Aluran Dagpo Kagyu prinsip yang terdapat dikala ini selaku sekolah terorganisir merupakan Karma Kagyu, Drikung Kagyu serta Aluran Drukpa. Buat beberapa besar, anutan serta transmisi esoteris penting dari aluran Dagpo Kagyu yang lain sudah diserap ke dalam salah satu dari 3 gerakan bebas ini. Dengan cara historis, terdapat 2 simpati sub sekolah penting Dagpo Kagyu yang berawal dari Gampopa serta murid- muridnya. 4 agen penting berawal dari anak didik langsung Gampopa serta keponakannya; serta 8 agen inferior yang berawal dari anak didik Gampopa, Phagmo Drupa. Sebagian dari adat- istiadat Kagyu ini pada gilirannya meningkatkan agen ataupun sub- aliran mereka sendiri.

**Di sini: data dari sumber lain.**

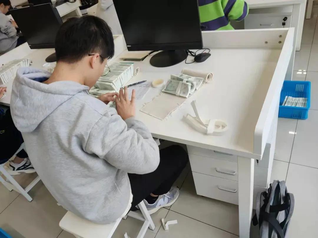 单指点钞比赛中,选手们用娴熟的指法快速拨动着手上的钞券,快速而不忙乱。拆把、清点、计数、墩齐、扎把每个环节做得规范到位,他们的双手就像弹钢琴一样迅速而又准确。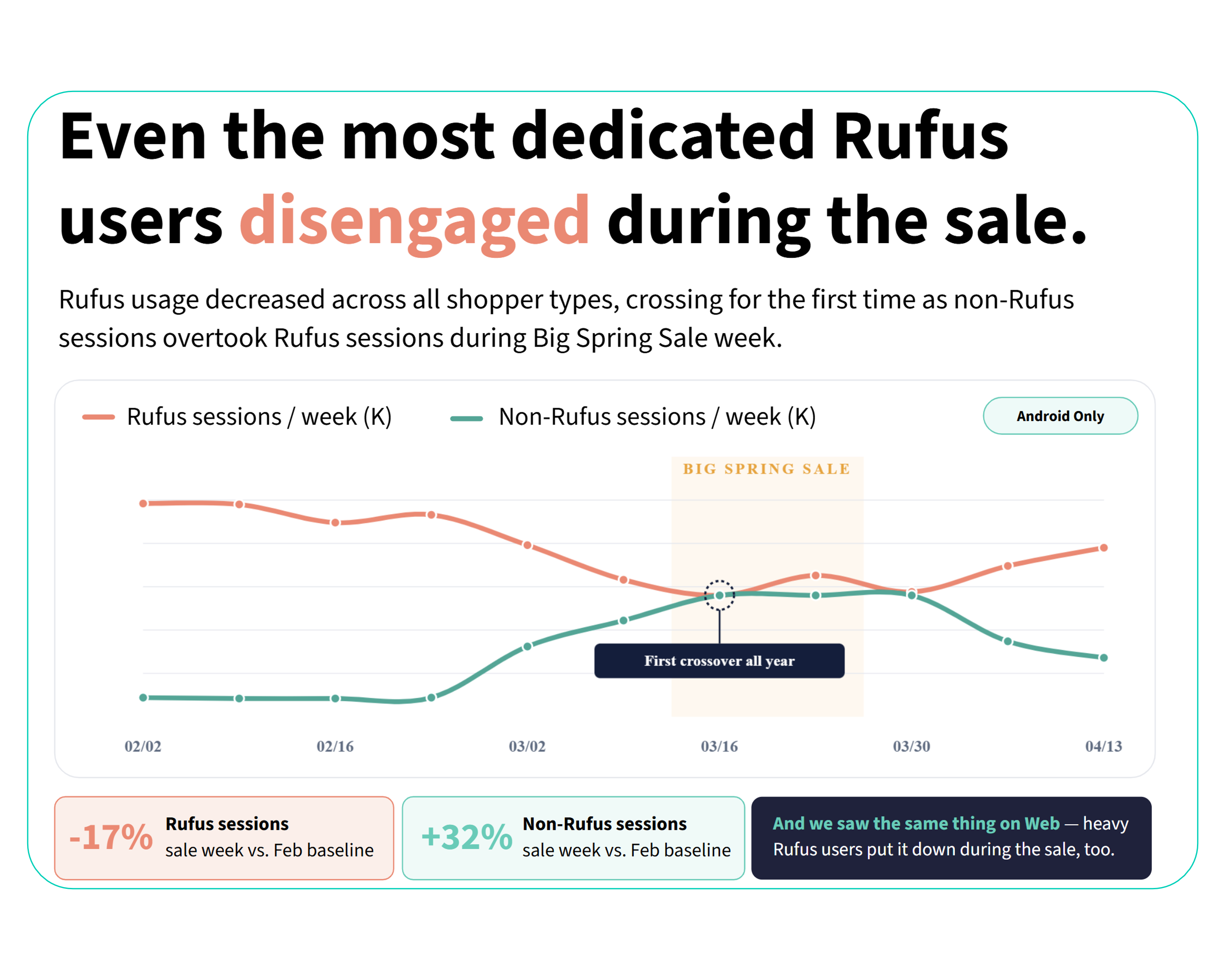 But that signal isn’t constant. During Amazon’s Big Spring Sale, even heavy Rufus users temporarily abandoned it. Rufus engagement dropped while traditional browsing surged, reinforcing a key dynamic: when shoppers are deal-hunting, they don’t engage in search. They’re not there to research or investigate. They’re there to browse, to meander, to check out the shelves, and when they’re done, many just leave, no conversion. Across the board, conversion rates softened. The intent signal weakened because the mindset changed.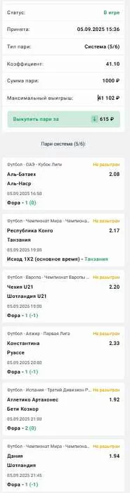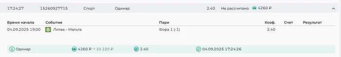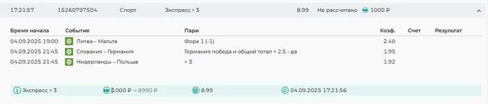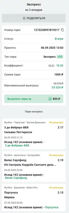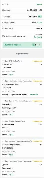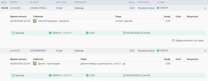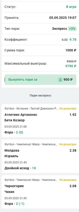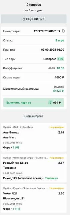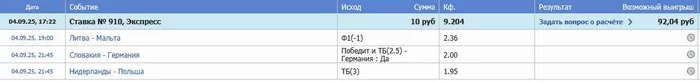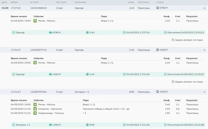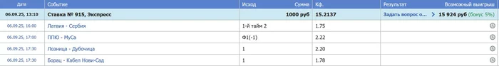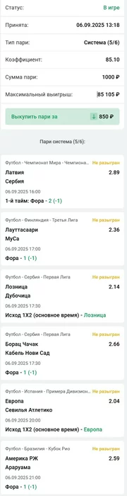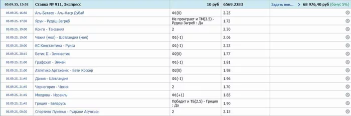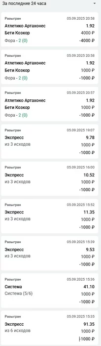 Результаты за вчера 05.09.25. Экспресс 10+ 2 проигрыша-2000р, итого банк 97 000 -3%. Лесенка х10 кф2+ прематч 2 проигрыша, банк уменьшился на 2000, итого 97 000 -3%, в разгоне на сумме 1000 р, флет кф 1.7-2.5 6 проигрышей 6 выигрышей, банк уменьшился на 2.3 р, итого 995.1 -0,49%! Лесенка 1.7+ прематч банк уменьшился на 2000, итого 97 000 -3%, в разгоне с суммы 1000 р, Догон проигрыш на второй ступени, начинаем сегодня с третьей ступени, банк уменьшился на 4000 ₽, итого 355120₽, - 0,08%! Флет лайв Банк уменьшился на 3000 ₽, итого 98120 ₽, - 1,88%! Лесенка лайф банк уменьшился на 1000, итого 98 000 - 2%, продолжаем разгон с суммы 1000 р. Что то на сборных не очень катит, продолжаем ставить и ждем начала нормальных матчей.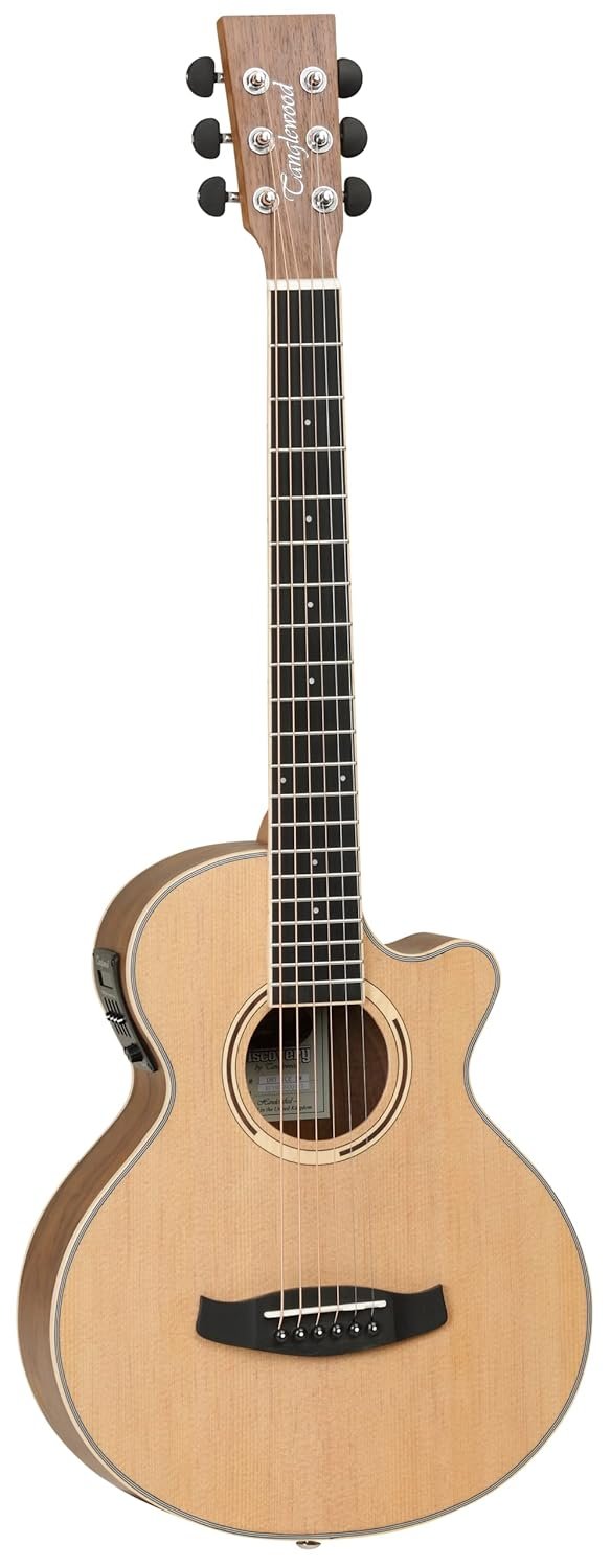 Tanglewood recognise that to introduce people to music an instrument must have a high build quality, good playability, attractive cosmetics and as many features as possible to encourage and reward aspiring musicians. Using this design brief, Tanglewood luthiers created the Discovery Exotic series, a whole range of genuine musical instruments which feature 4 band EQ systems with stage backlighting, delicate 2mm fingerboard dots, black soft touch machine head buttons and understated sound hole rosettes. All these features are aimed at bringing the specification of a much more expensive instrument into the entry level market. Our newest Discovery Exotic model is the cutaway travel model DBT TCEBW, based on our best selling Black Walnut instruments but scaled down to a perfect travel ready size. We select the finest Himalayan Spruce for our tops and marry that with American Black Walnut timber to give the perfect blend of style and substance. Each instrument is carefully braced for a warm and rich acoustic tone and we fit an onboard EX4 EQ system for players who need studio or stage compatibility.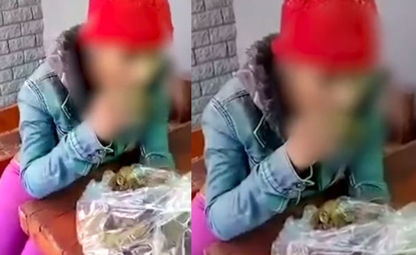 The victim, who moans and struggles to stomach the contents, is then told: "Swallow, you are taking too long, take another piece."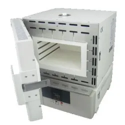 Standard 23.6L muffle furnace using microprocessor-controlled thermo-regulator characterized by excellent repeatability. Used for high temperature applications such as fusing glass, creating enamel coatings, ceramics and soldering and brazing metals. Easy to use controller. Excellent heat tightness with a firmly sealed chamber door. High temperature accuracy at ±2.0°C. Program operation of maximum of 6 patterns: 30 steps x 1 pattern, 15 steps x 2 patterns or 10 steps x 3 patterns. Safety features include self-diagnostic functions, calibration off-set, lock function, auto-recovery after power failure, earth leakage breaker and automatic overheat prevention device. Selectable options include exhaust system unit, N₂ gas loading device (with flow meter), temperature output terminal, time up/alarm output terminal and sample tray. Upgraded with long life R-thermocouple sensors. Designed with communication port. Temperature range: 100~1150°C.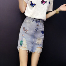 刺绣牛仔半身裙短裙女2017夏季新款百搭韩版破洞学生高腰a字裙潮

Terminologi” pokok serta secondary”( che chung) buat gerakan Kagyu cuma bisa ditelusuri kembali sepanjang tulisan- tulisan Kongtrul( era ke- 19). Terminologi Tibet” che chung”, dengan cara literal” besar( serta) kecil,” tidak memantulkan dimensi ataupun akibat sekolah, semacam misalnya sekolah Drikung pada era ke- 13 bisa jadi yang terbanyak serta sangat mempengaruhi dari mereka, walaupun bagi Kongtrul,” inferior”.

By gaykuesiac
No widgets found. Go to Widget page and add the widget in Offcanvas Sidebar Widget Area.